* WORK TO BE COMPLETED:
The range to repeat runs from the line with "Premium quality short-sleeved" to the last line below, both ends included; give it exactly and without pictures.
-- SUPPLIED ENTRIES follows --
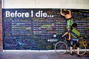 黑板上密密麻麻的留言,寫下的都是每個人在離開這個世界前的願望,一句簡單的填空題,卻引發人們深沉的思考,這是紐澳良藝術家Candy Chang,把住家旁一間廢棄屋的外牆,改造成超大型黑板,上頭寫著無數個填空題,唯一的問題很簡單:「在我死之前,我想___。」
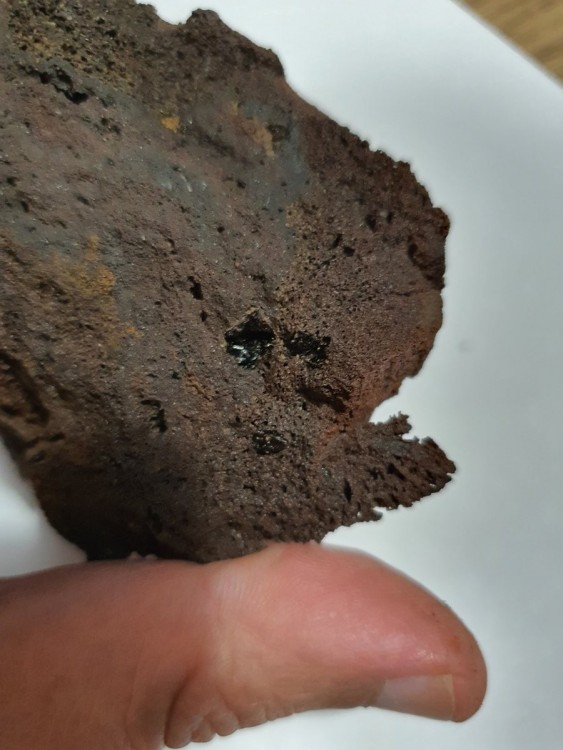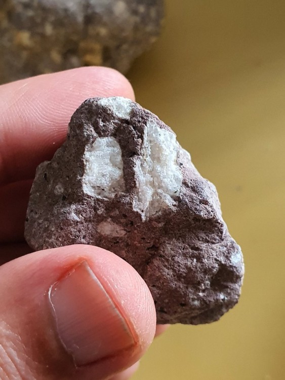 2. Oui marron tirant sur le rouge, mais je ne dois pas avoir la bonne porcelaine, la trace n'est pas nette... Sinon, je suis chti, et chez moi, a part les fossiles c'est pas trop diversifié, mon séjour dans le massif du Sancy m'a enchanté sur la question des minéraux, ça brille de partout, le sol étincelle, mes godasses en étaient couvertes, mes modestes trouvailles étaient à même le sol, pas besoin de creuser, même le granit semble métallique. J'ai essayé quelques pans au village des longes dans la Dordogne naissante, mais je n'y connais pas grand chose, pas vu d'or, beaucoup de sable noir très fin en fin de bâtée et pas mal de paillettes oranges carrées et brillantes, semblables a celle du granit local, ma perception du sujet est naïve, mais ça m'a plu énormément.
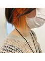 彩度高めのオレンジ、かわいいです!色もオレンジがだんだん薄くなっていく感じの色落ちになります!福岡 天神 今泉 薬院 福岡美容室 天神美容室 今泉美容室 薬院美容室 半個室 半個室美容室 インナーカラー イヤリングカラー オレンジカラー
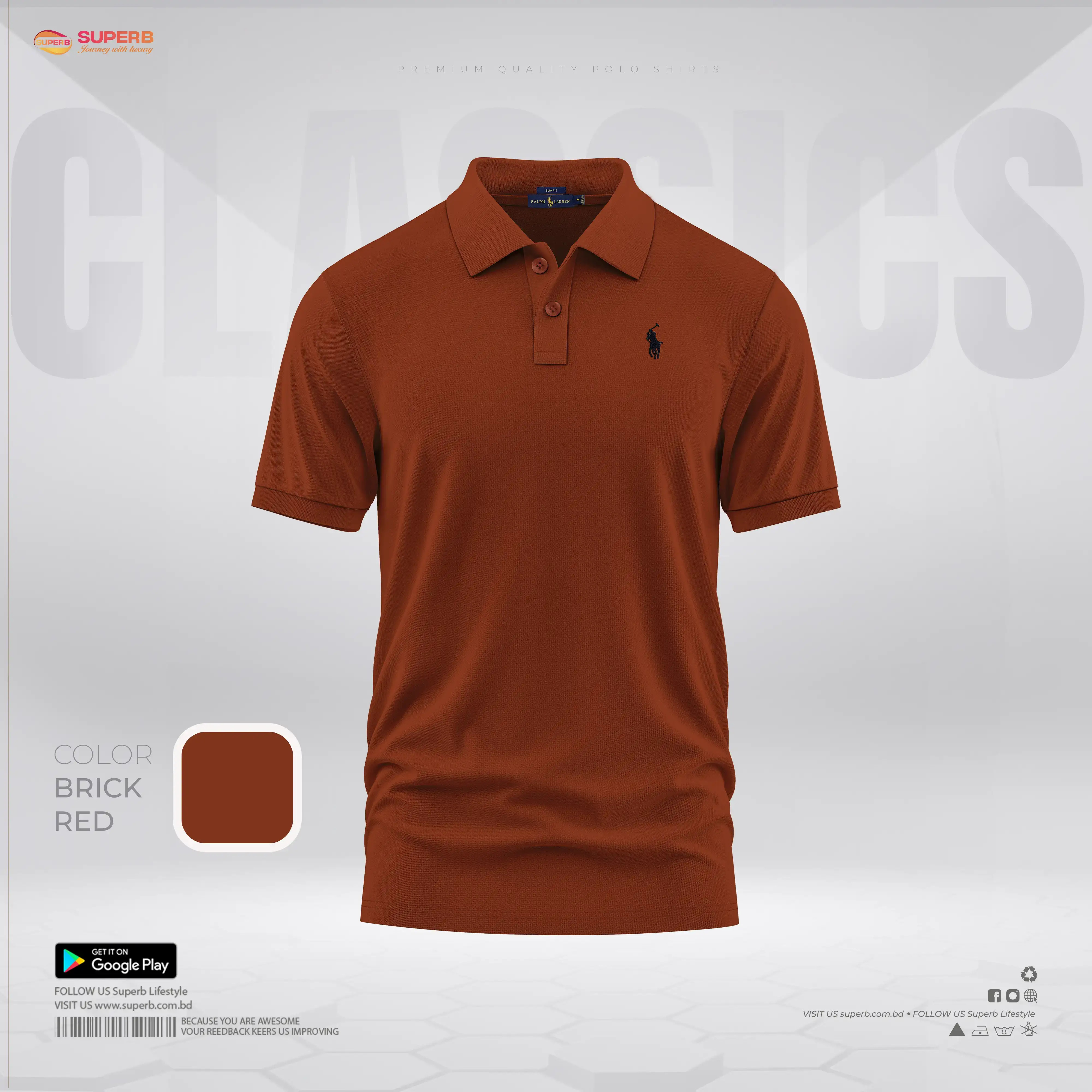 Premium quality short-sleeved polo shirt from Ralph Lauren featuring the iconic Polo Player logo. Available Color- Black, White , Green and Brick Red.
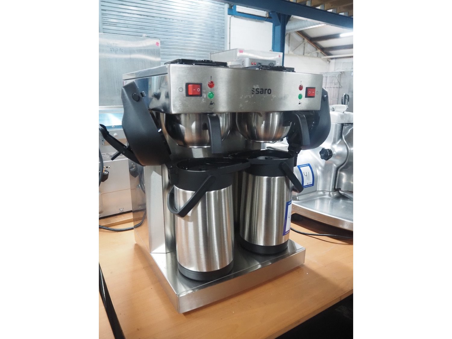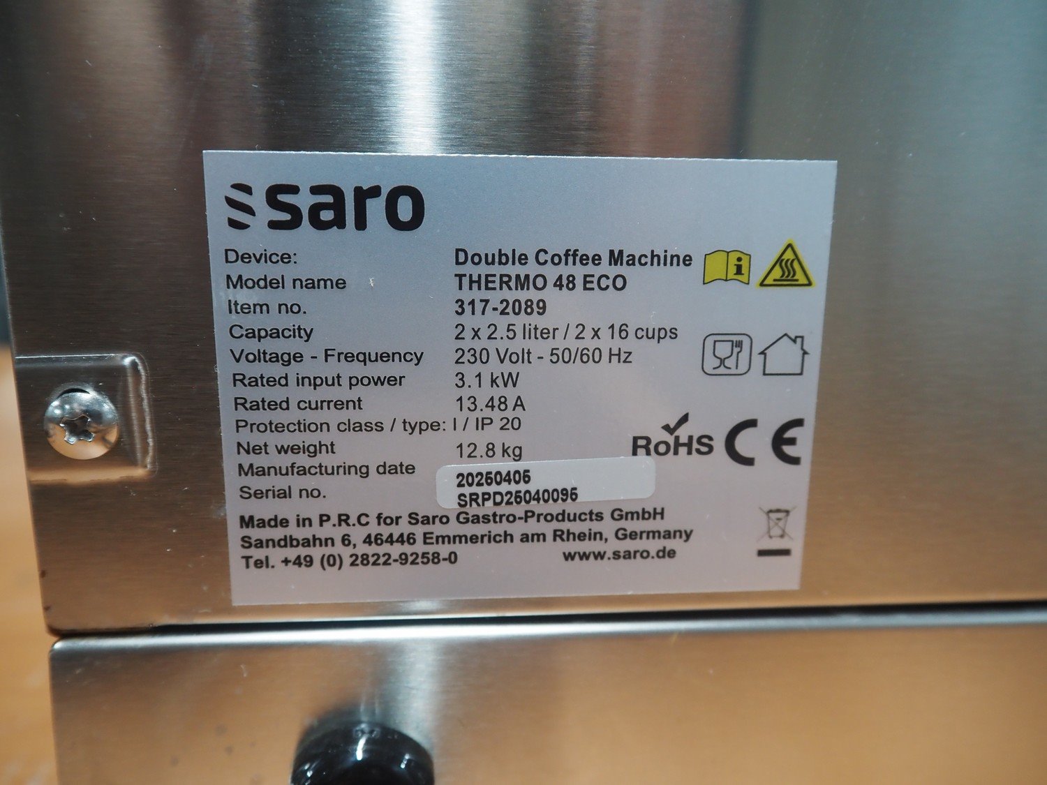 Saro Gastro-Products GmbH coffee machine, model: THERMO 48 ECO, serial number: 20250405, 230 V, 50/60 Hz, 13.48 A, 3.1 kW, weight: 12.8 kg, capacity: (2x) 2.5 liter, dimensions: 500 mm x 400 mm x 550 mm.
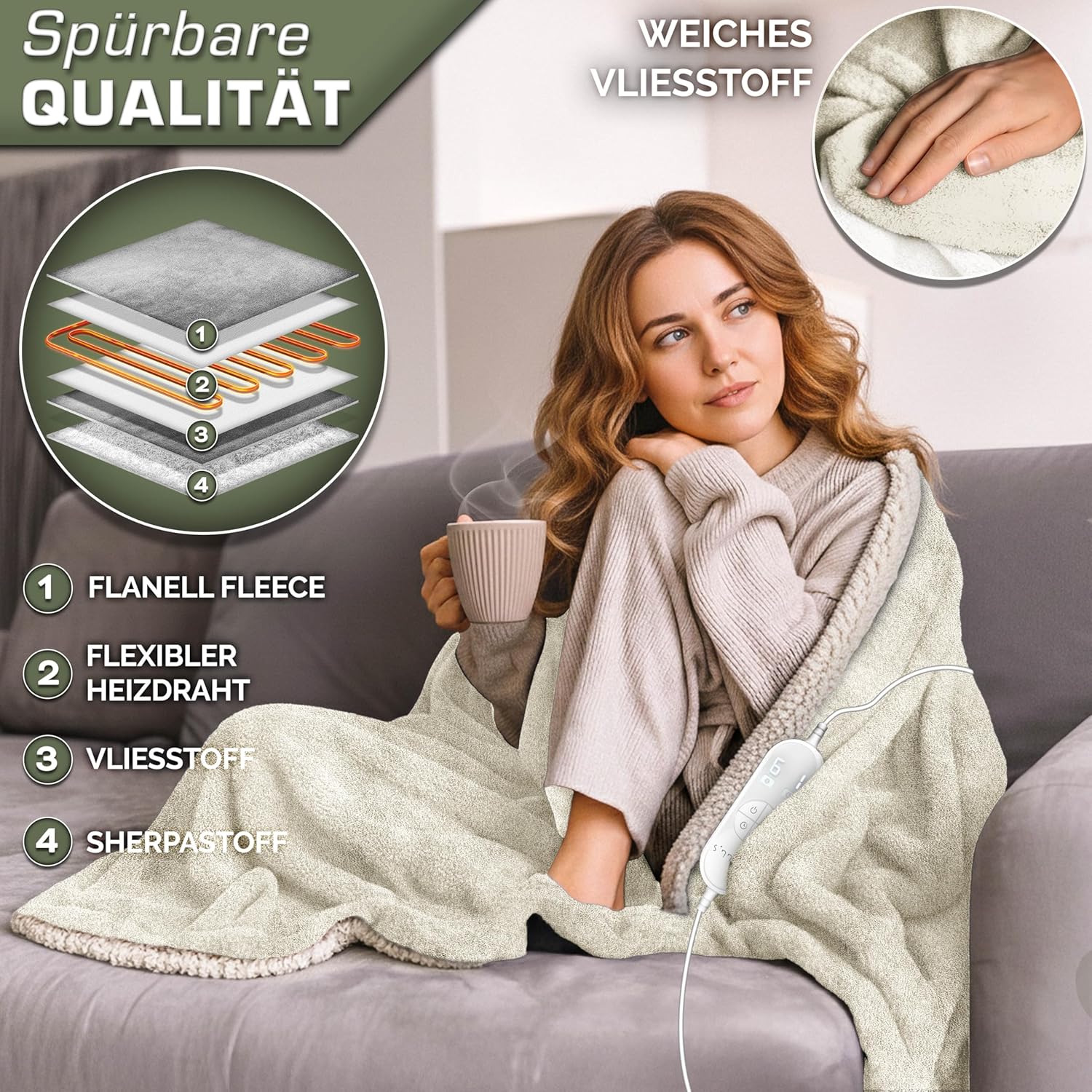 Elektrische deken - Warmtedeken - 2 persoons - 180x200 cm - Beige - Sinnlein®
-- SUPPLIED ENTRIES concluded --
* REPLY TO THE EXERCISE:
 Premium quality short-sleeved polo shirt from Ralph Lauren featuring the iconic Polo Player logo. Available Color- Black, White , Green and Brick Red.
 Saro Gastro-Products GmbH coffee machine, model: THERMO 48 ECO, serial number: 20250405, 230 V, 50/60 Hz, 13.48 A, 3.1 kW, weight: 12.8 kg, capacity: (2x) 2.5 liter, dimensions: 500 mm x 400 mm x 550 mm.
 Elektrische deken - Warmtedeken - 2 persoons - 180x200 cm - Beige - Sinnlein®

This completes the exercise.